• Description of the task
Below is a listing with pictures in it; transcribe exactly the lines from the one that has "В полученную массу влить кефир и взбить." through the one that has "HAGER Áramvédős kismegszakító", and omit those pictures.

• Material supplied
◆ ◆ ◆ ◆ ◆

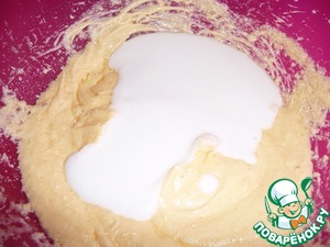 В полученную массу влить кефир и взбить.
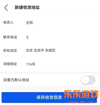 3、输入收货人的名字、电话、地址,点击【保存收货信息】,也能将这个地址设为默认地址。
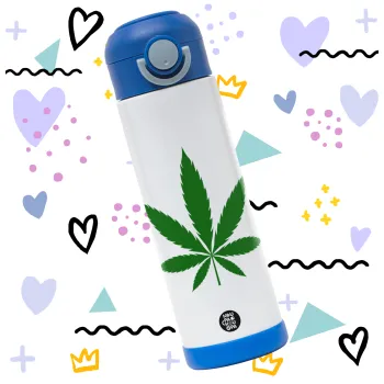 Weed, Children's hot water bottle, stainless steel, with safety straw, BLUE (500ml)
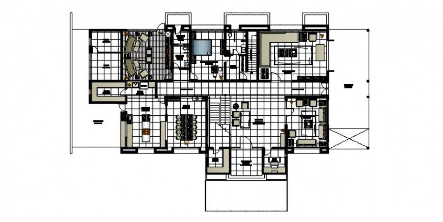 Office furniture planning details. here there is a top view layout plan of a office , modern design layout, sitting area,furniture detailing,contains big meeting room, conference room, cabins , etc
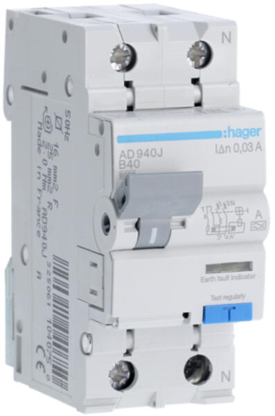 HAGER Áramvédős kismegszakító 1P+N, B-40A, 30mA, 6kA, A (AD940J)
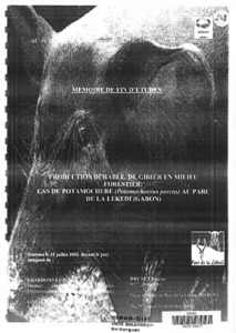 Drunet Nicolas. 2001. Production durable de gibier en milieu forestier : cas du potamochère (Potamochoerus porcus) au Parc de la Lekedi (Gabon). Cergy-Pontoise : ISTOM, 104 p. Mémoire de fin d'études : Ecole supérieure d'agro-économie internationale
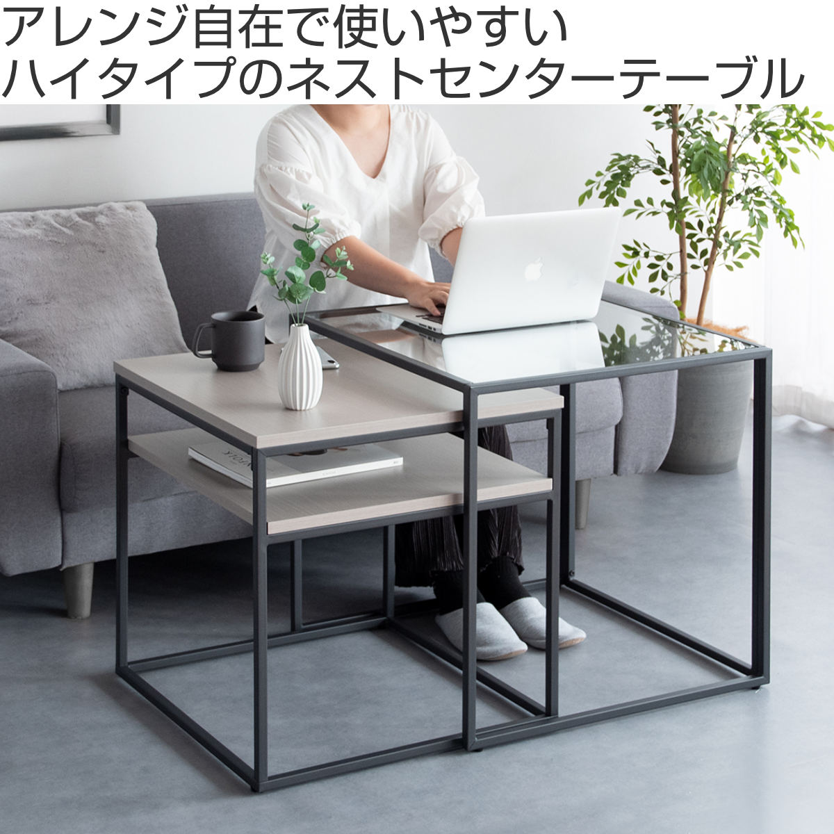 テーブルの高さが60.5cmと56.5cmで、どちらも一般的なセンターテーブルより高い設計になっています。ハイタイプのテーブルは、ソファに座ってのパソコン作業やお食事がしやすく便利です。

◆ ◆ ◆ ◆ ◆

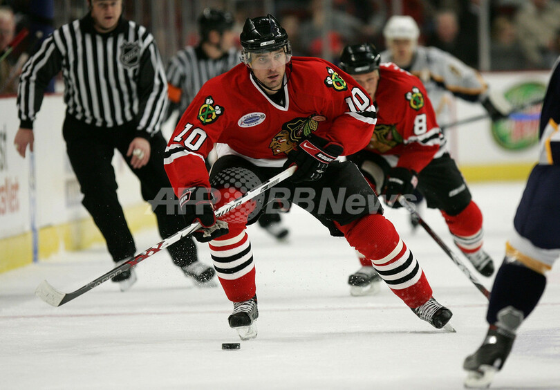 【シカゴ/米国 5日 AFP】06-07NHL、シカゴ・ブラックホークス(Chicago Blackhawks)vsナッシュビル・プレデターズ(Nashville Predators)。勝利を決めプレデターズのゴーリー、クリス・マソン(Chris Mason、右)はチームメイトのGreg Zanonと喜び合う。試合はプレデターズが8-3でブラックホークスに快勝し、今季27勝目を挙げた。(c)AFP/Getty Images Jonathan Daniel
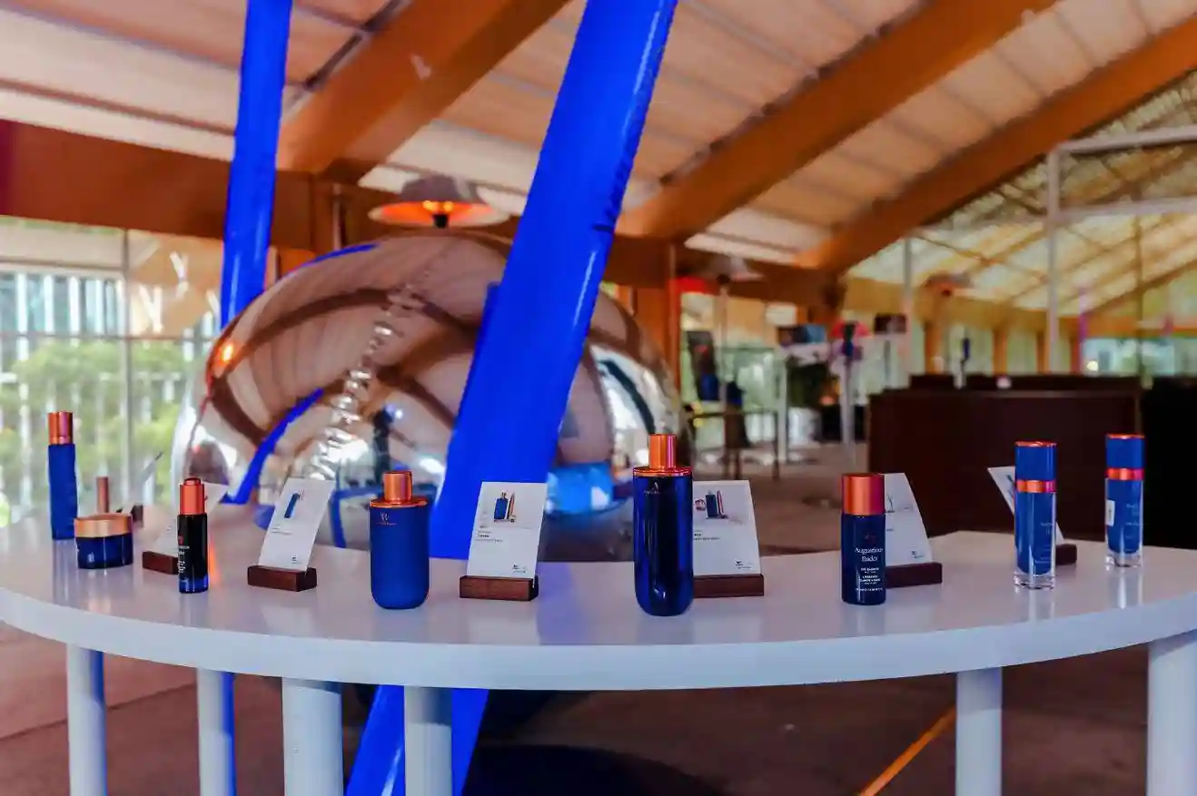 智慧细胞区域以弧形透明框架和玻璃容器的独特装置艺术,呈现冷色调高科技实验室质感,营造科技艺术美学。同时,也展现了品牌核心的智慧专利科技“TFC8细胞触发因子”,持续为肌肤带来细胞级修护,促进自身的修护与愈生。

◆ ◆ ◆ ◆ ◆

• Your response
 В полученную массу влить кефир и взбить.
 3、输入收货人的名字、电话、地址,点击【保存收货信息】,也能将这个地址设为默认地址。
 Weed, Children's hot water bottle, stainless steel, with safety straw, BLUE (500ml)
 Office furniture planning details. here there is a top view layout plan of a office , modern design layout, sitting area,furniture detailing,contains big meeting room, conference room, cabins , etc
 HAGER Áramvédős kismegszakító 1P+N, B-40A, 30mA, 6kA, A (AD940J)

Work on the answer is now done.